As I type this, I am sitting in a sea of cardboard boxes; the simple act of walking from the penthouse to the bedroom is an acrobatic exercise that often exacts collateral damage on the dog, who was always underfoot anyway and now has nowhere to escape. The past two days have been a whirlwind of eBay activity as we sell everything from sterling silver to bits of police motorcycle uniforms. There are more books than either of us remembered, between the keepsake and inscribed volumes, and the ones we thought we'd read "someday" in a few years, after we whittled down the stack we brought with us to while away the time (we've averaged only one a year since we left). Sadly, the books have no monetary value, and we are donating them to the library.
The bulkier items are on Craig's List, like the air compressor. I've got about five pounds of Freon R-12 refrigerant in a 30# cylinder that I'm trying to figure out how to legally sell, worth a couple hundred bucks. There are a daunting number of items still to list on the Internet, including motorcycle parts, collectible Matchbox cars, and various bits of memorabilia. We'd already exhausted the family and friends avenue before we hit the road: the heirlooms we've been storing were offered to family in the pre-departure purge, and our friends ended up with a lot of our furniture, tools, and kitchenware.
Louise is better at this than I. Other than a box of childhood toys that will need some kind of ceremonial send-off (they are too far gone even to be given away at this point), she has had no trouble glancing at items and plopping them into boxes or onto piles. I, on the other hand, have spent inordinate amounts of time thumbing through cherished volumes, fondling keepsakes, and ruminating about appropriate dispositions for gifts from now-deceased relatives.

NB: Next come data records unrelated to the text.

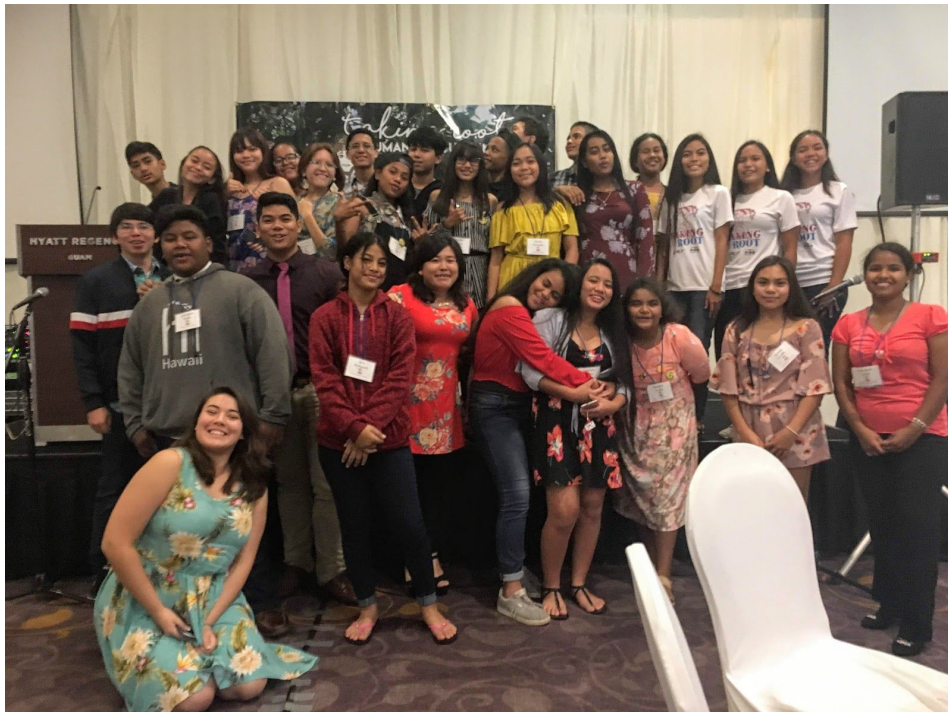
Taking Root Interns and Participants at the 1st Youth Sustainability Conference, 2018

Instructional supplies- The remaining DOI funds went toward instructional supplies for both indoor and outdoor activities including waterproof cameras and reef walking shoes.
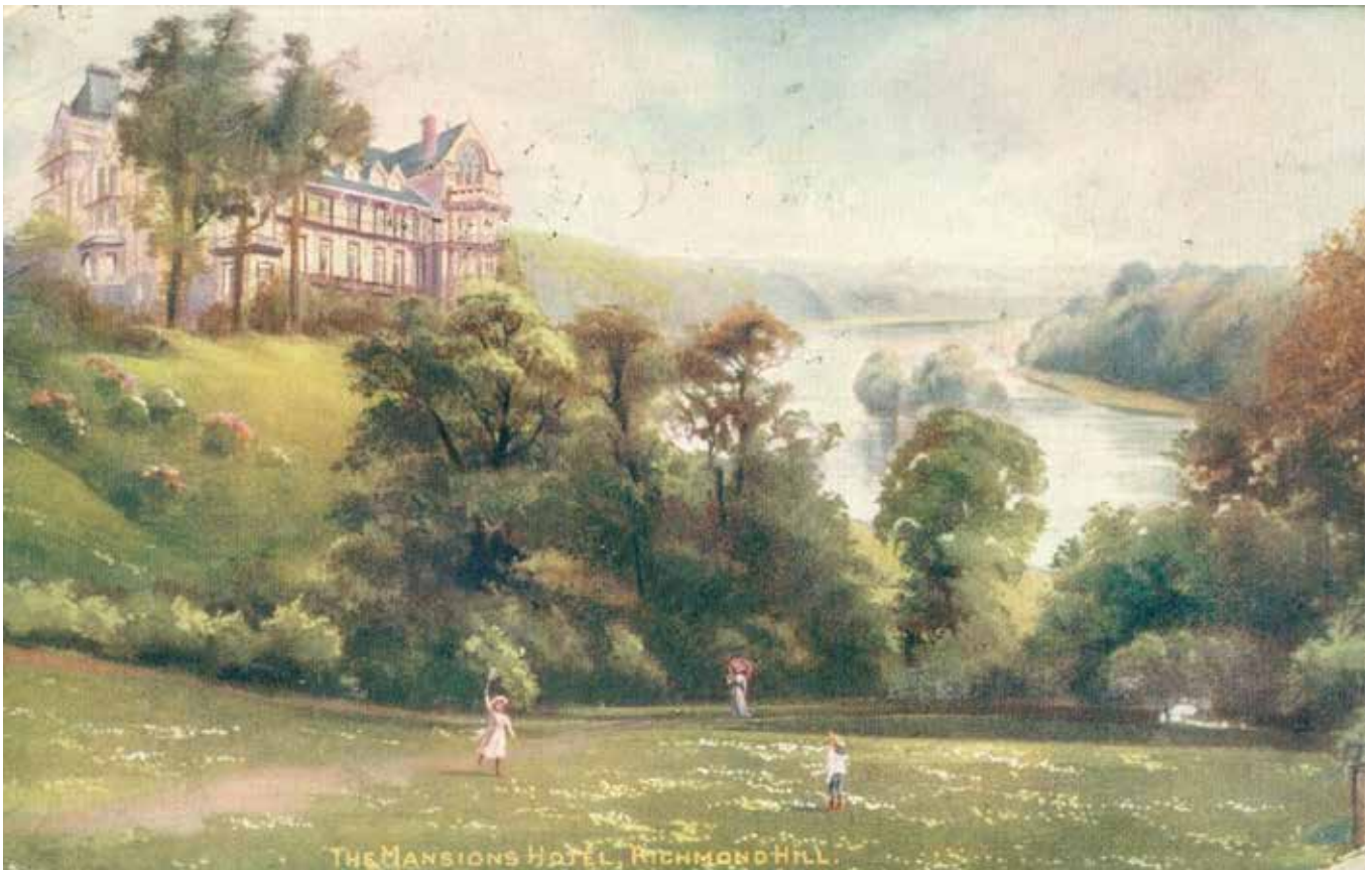
The Mansion Hotel, Richmond Hill

An examination of two sales brochures for the auction of The Mansion Hotel revealed that the dimensions of the restaurant would have enabled 70 persons to dine which was approximately the number of attendees at the Consecration Meeting. The conclusion therefore, although no definitive records exist, is that the restaurant within the New Star and Garter Hotel was named The Tudor Restaurant.
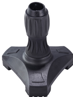
HurryFlex Cane Tip
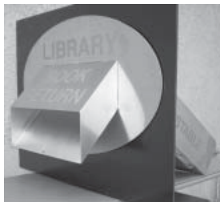
Birchard Co's Through-the-wall Bookdrop Reader.

As an alternative to a sorter to separate holds from items to be reshelfed, a report of items returned, but not to be reshelfed, can be produced. The report would include items on hold, to be sent to cataloging, or another next action.
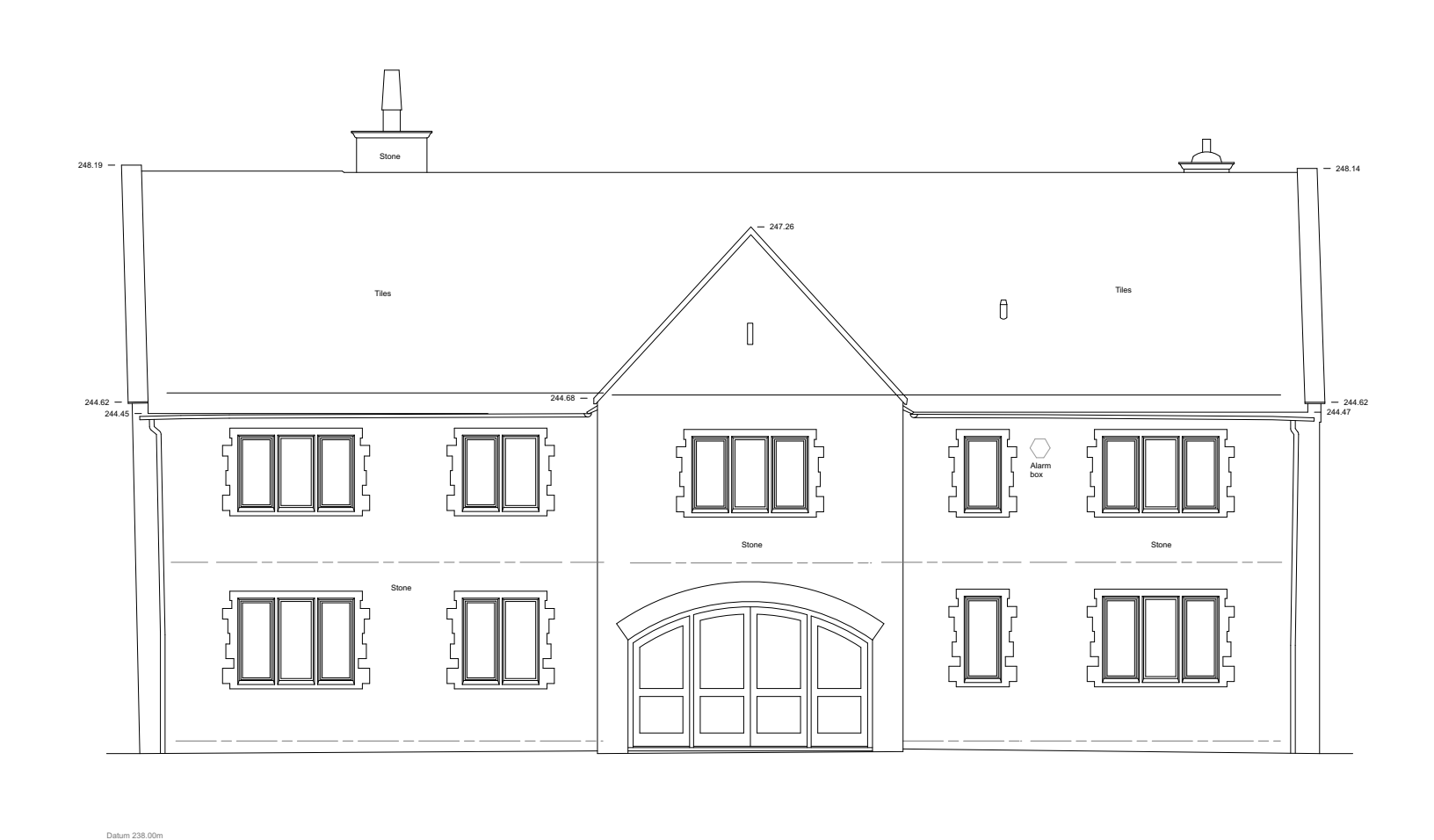
WEST ELEVATION AS EXISTING
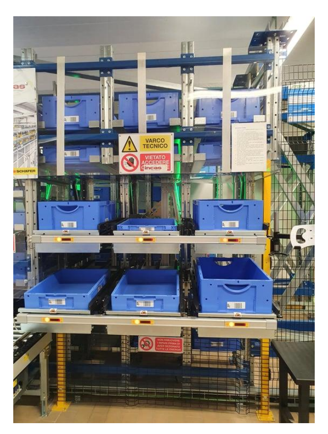
Figure E.3. Picking station with pick-to-light system.

In the year 2021, the simulation model built previously was integrated with the real operational parameters of the AS/RS, namely the speed and acceleration of the machine.
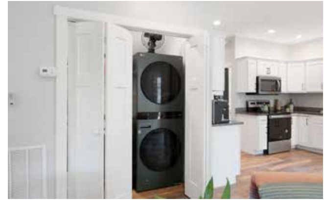
Laundry Closet on Main Level
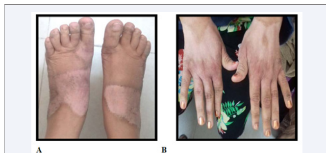
Figure 3 Faded plaques after two weeks of stopping carbamazepine.
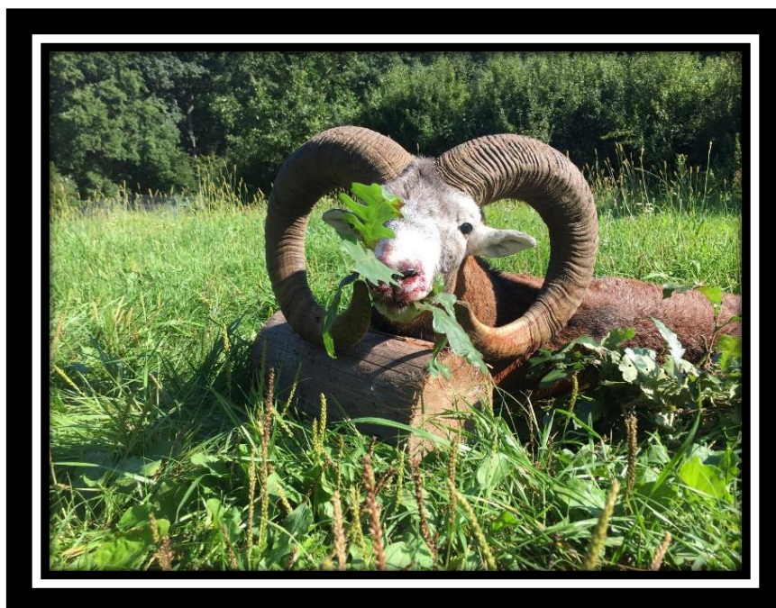
A nice ram hunted during hunting season 2016

16000 HECTARES FREE RANGE IN SOUTHERN SLOVAKIA
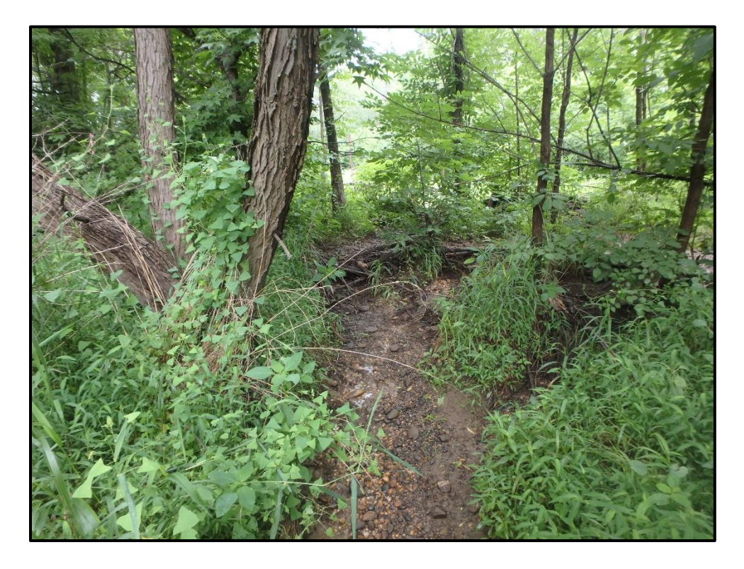
Waters 6NN – Intermittent
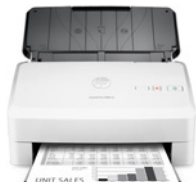
Pro 3000 s3
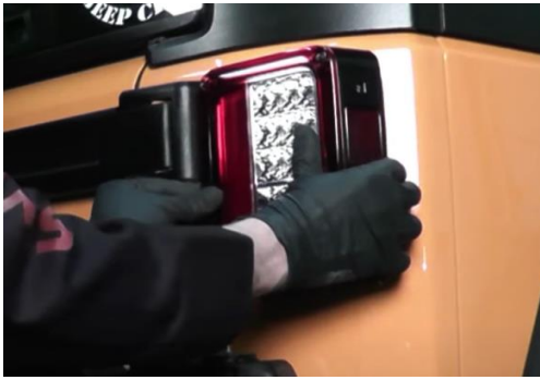
5. Seat Spyder tail light.
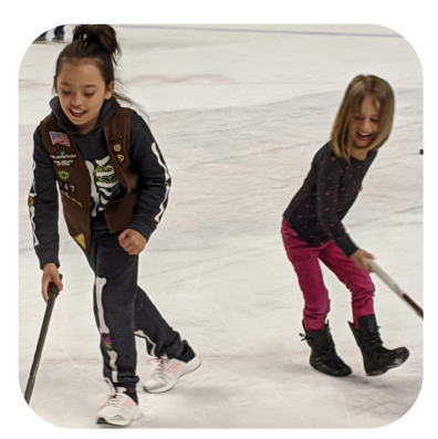
Girl Scout Grizzlies Night & Sleepover Grades K-12, Adults Register by January 15
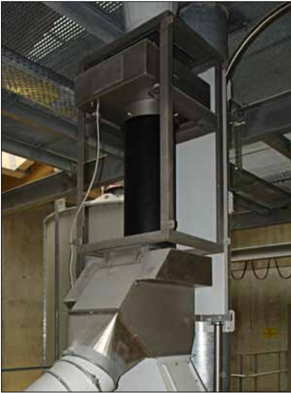
Metal separator RAPID DUAL used for machinery protection during wood pellet production
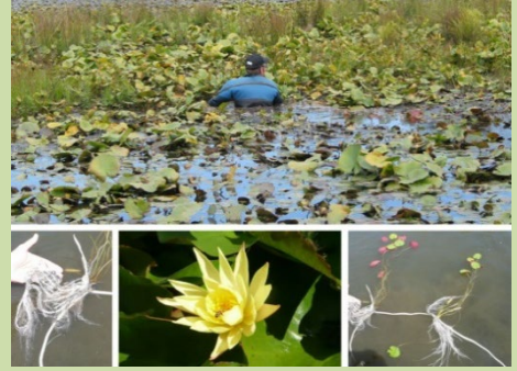
Rohan Wells, NIWA

Mexican water lily is a perennial bottom-rooted aquatic herb with floating heart-shaped leaves and yellow flowers borne above the water surface from October to December. It forms dense mats which can reduce dissolved oxygen levels in the water column by preventing gas exchange between water and air, and may suppress submerged aquatic plants by shading. Impacts on fish, zooplankton and other species resulting from low dissolved oxygen are probable.
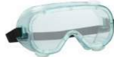
1603218 Anti-fog Closed Goggles Carton Quantity: 100 pcs Measurement: 47x43x50cm
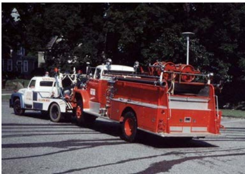
1965 American Fire Apparatus Dodge

$12500 No chrome. Tell Wooster what happened to this truck if N Branford knows. Wooster voted to sell truck to N Branford 9-16-1964. $1000. Taken as of 11-3-1964. Truck from Mill Plain will be used until new truck arrives.
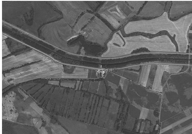
Figure 2. Footprints of landscape history (remnants of river-regulation and medieval canal system)

The region of Hanság is characterized mostly by rural areas encompassing micro-villages. The Hanság is situated in the Small-Plain in Western-Hungary, between the great urban centers of County Győr-Moson-Sopron. This situation, the lack of a real centre determines the position of the region. In spite of the area is situated in the most developed region of the country, close to the Austrian border it was always considered as a periphery (Rechnitzer, 1989 and KSH 2007). Due to the increasing regulation works the marshlands were drained, almost completely disappeared the former wetlands, the enchanting aquatic world.
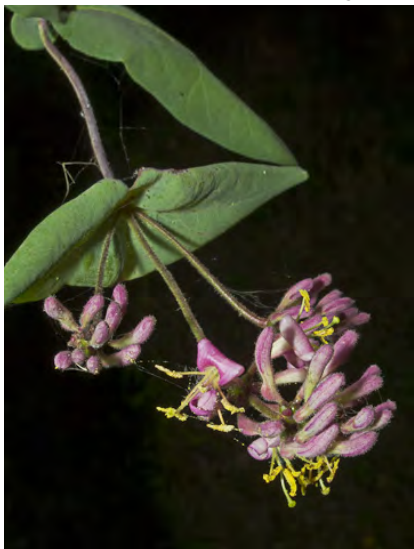
HAIRY VINE HONEYSUCKLE ( Lonicera hispidula ) Native Perennial - Honeysuckle Family - (May–Jun) - Canyons, streamsides, woodland - Shrub sprawling-climbing, 6-10' long, short-hairy. Flower cluster densely sticky. Flowers pink, 0.5-0.6" long, sticky-hairy.
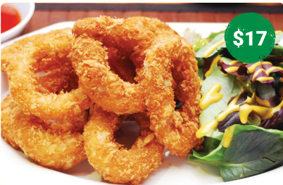
22. PANKO CALAMARI RINGS 칼라마리링 / 特製炸魷魚圈
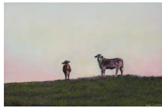
417. Anne C. Weary (Am. Bn. 1952-) Charolais Cattle at Dusk pastel on paper 8 1/2 x 12 3/4 signed lower right: Anne C. Weary $400 - $800
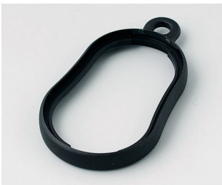
B9002356 Intermediate ring DS PMMA (IR) (UL 94 HB) black RAL 9005
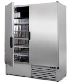
Z/2N model R-290 / ecoline / standard interior made of „mirror” stainless steel exterior made of grinded stainless steel
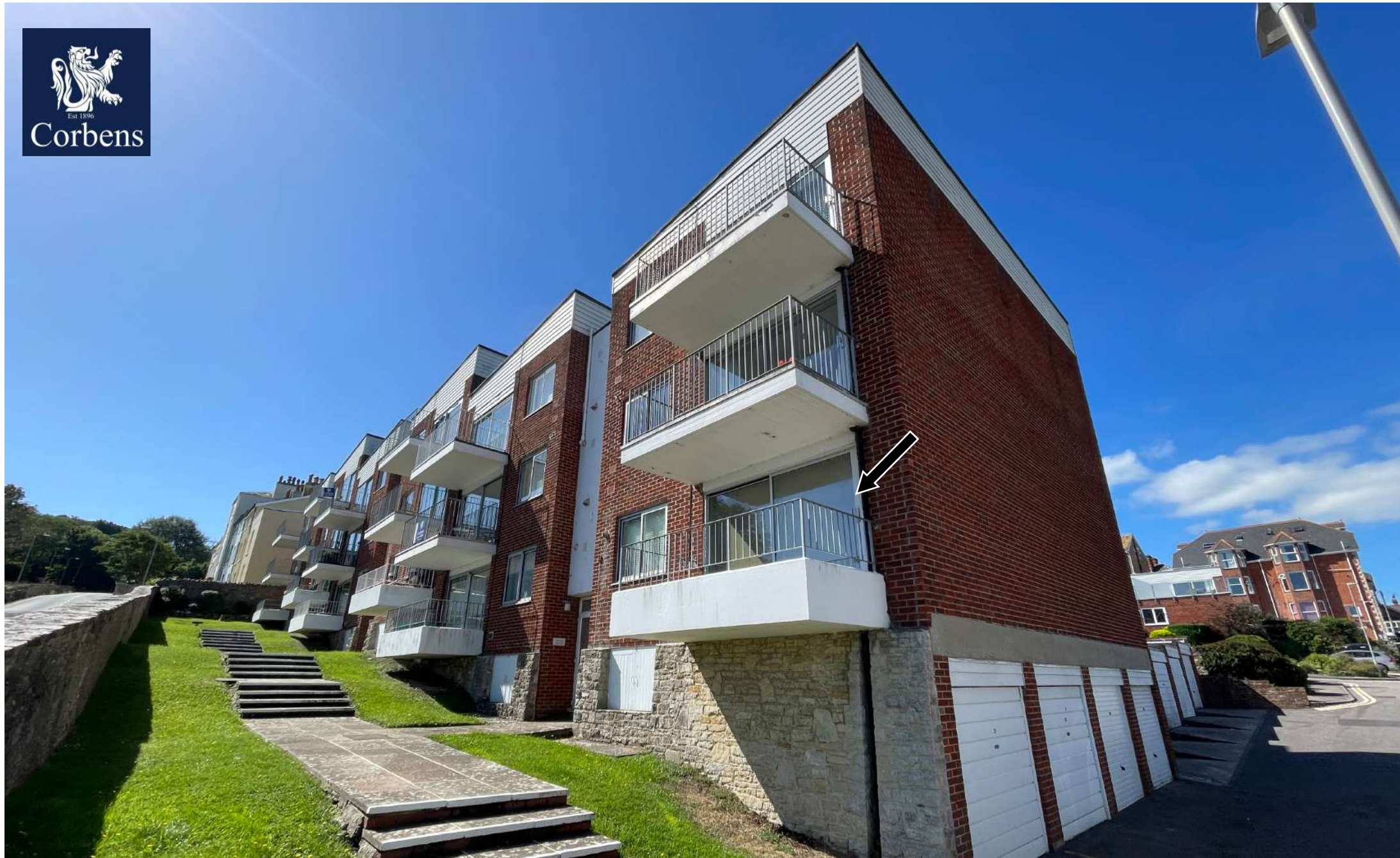
11 PEVERIL HEIGHTS, SENTRY ROAD, SWANAGE £460,000 Shared Freehold
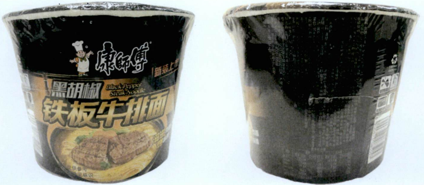
Figure 4. Unregistered Black Pepper Steak Noodle (In Foreign Language)
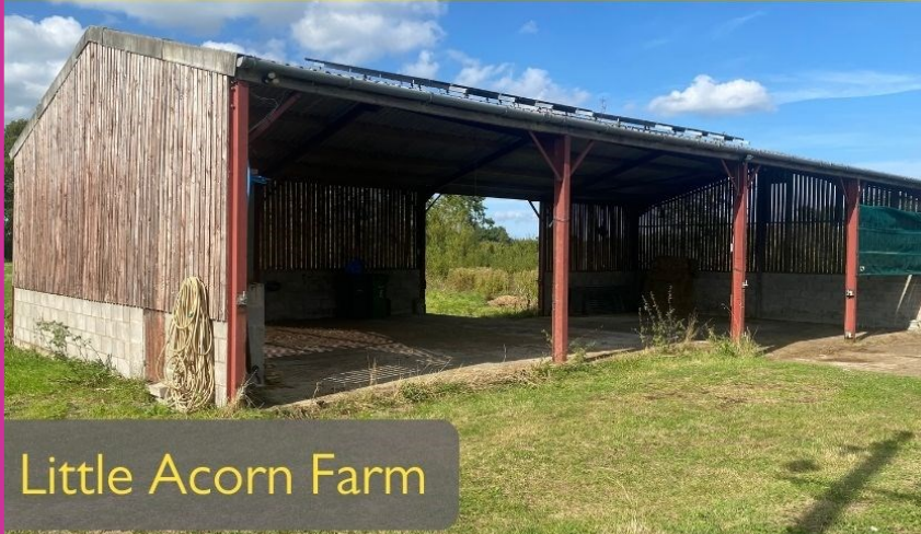
Little Acorn Farm

I am taking digital photos of the truly important items as a memento, but as they say at liquidations, "everything must go."
When we left here five and a half years ago, the bus was packed to the gills -- we crammed everything in that we possibly could. But over that time we've consumed the consumables, replaced the replacement parts, and simply got rid of lots of stuff that we realized we were carrying around for no reason. So today we have a little more room, and I expect we will once again leave here with none to spare. Some of the books will get crammed in the bookshelves, the motor uniform will get stuffed in the closet, and extra tools and parts will be squeezed into the bays.
Several boxes will likely fill the living room as we plan to cull through thousands of slides and photographic prints, both loose and in albums, and send the ones we'd like to keep off to be digitized. Some of the for-sale items will likely leave here with us as well, until their listings end or a buyer steps forward. And I am mentally preparing myself for the reality that, on our last day here about two weeks from now, there will be a huge pile of stuff that will have to go to Freecycle, Goodwill, or the dump. I hope I will be ready.